2 files changed, 132 insertions, 4 deletions

diff --git a/tools/signapk/src/com/android/signapk/CountingOutputStream.java b/tools/signapk/src/com/android/signapk/CountingOutputStream.java
new file mode 100644
index 0000000000..893a780440
--- /dev/null
+++ b/tools/signapk/src/com/android/signapk/CountingOutputStream.java
@@ -0,0 +1,59 @@
+/*
+ * Copyright (C) 2018 The Android Open Source Project
+ *
+ * Licensed under the Apache License, Version 2.0 (the "License");
+ * you may not use this file except in compliance with the License.

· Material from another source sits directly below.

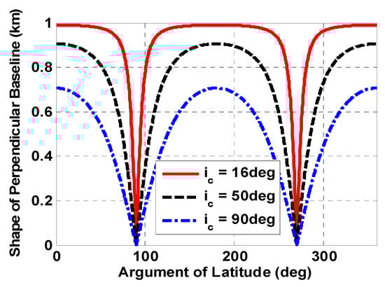 It should be noted that the shape of the perpendicular baseline in the whole orbit, denoted as , is independent of the orbit elements of the slave satellite, but only related to the inclination of the master satellite. The sum of RAAN difference and AOP difference , , only affect the amplitude of the perpendicular baseline. Figure 5 shows the shape of the perpendicular baseline in the whole orbit, where 3 inclinations are selected. However, the relationship between along-track baseline and orbit elements difference and is much more complicated, shown as (17).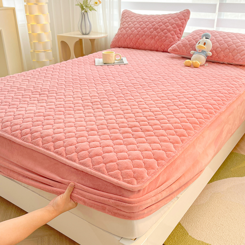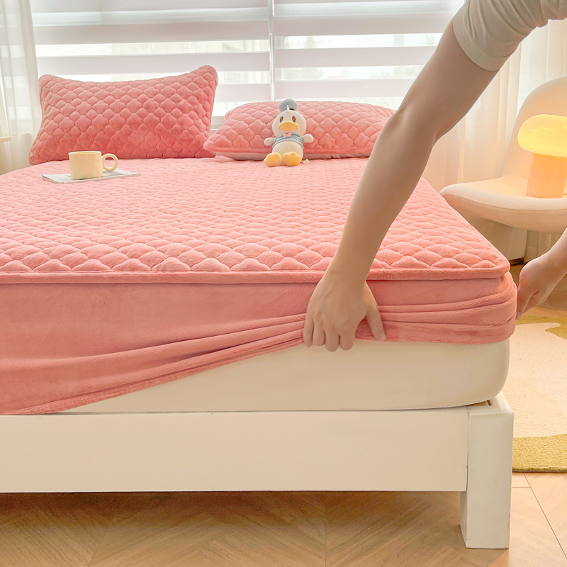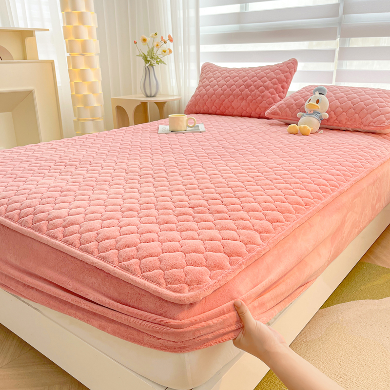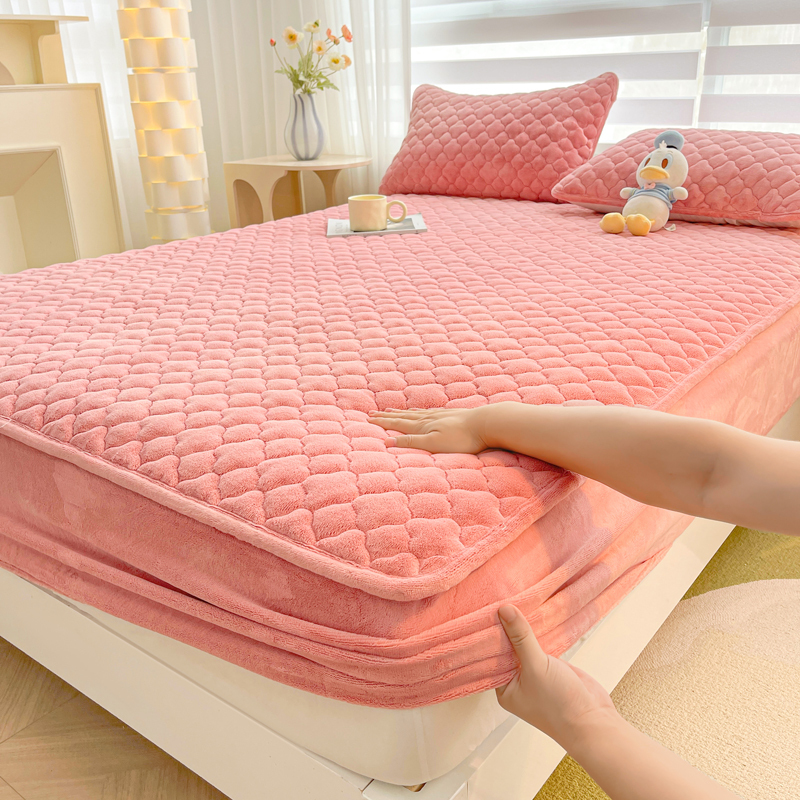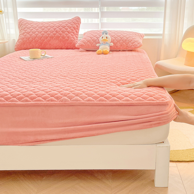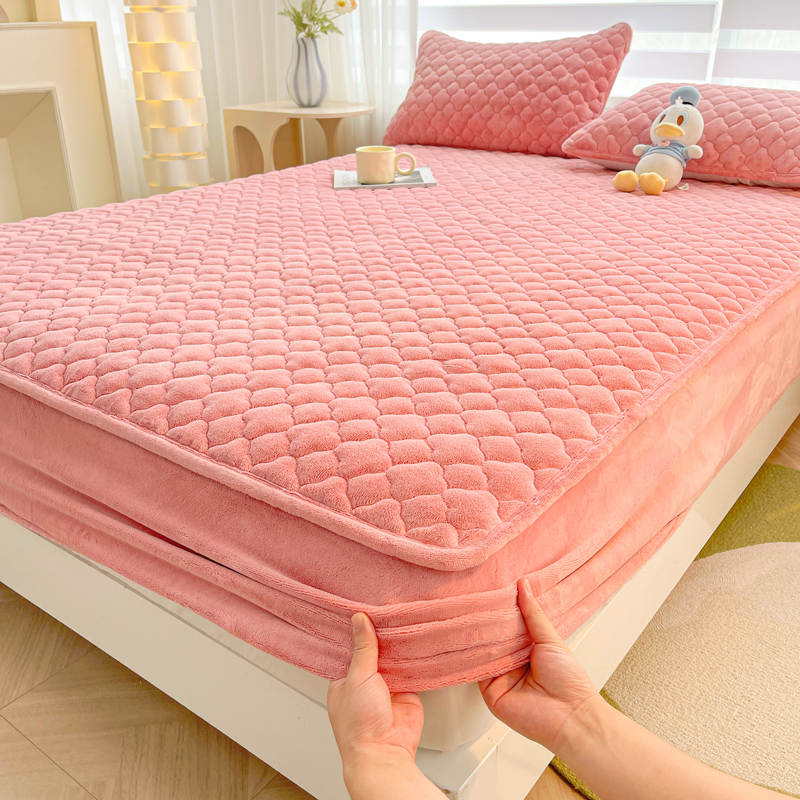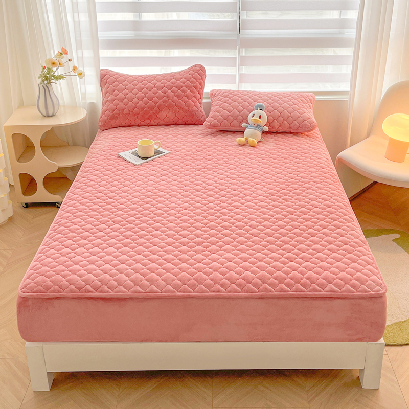 商品名称:梵朴 2023新款牛奶绒夹棉床笠 纯色-豆沙粉

+ * You may obtain a copy of the License at
+ *
+ *      http://www.apache.org/licenses/LICENSE-2.0
+ *
+ * Unless required by applicable law or agreed to in writing, software
+ * distributed under the License is distributed on an "AS IS" BASIS,
+ * WITHOUT WARRANTIES OR CONDITIONS OF ANY KIND, either express or implied.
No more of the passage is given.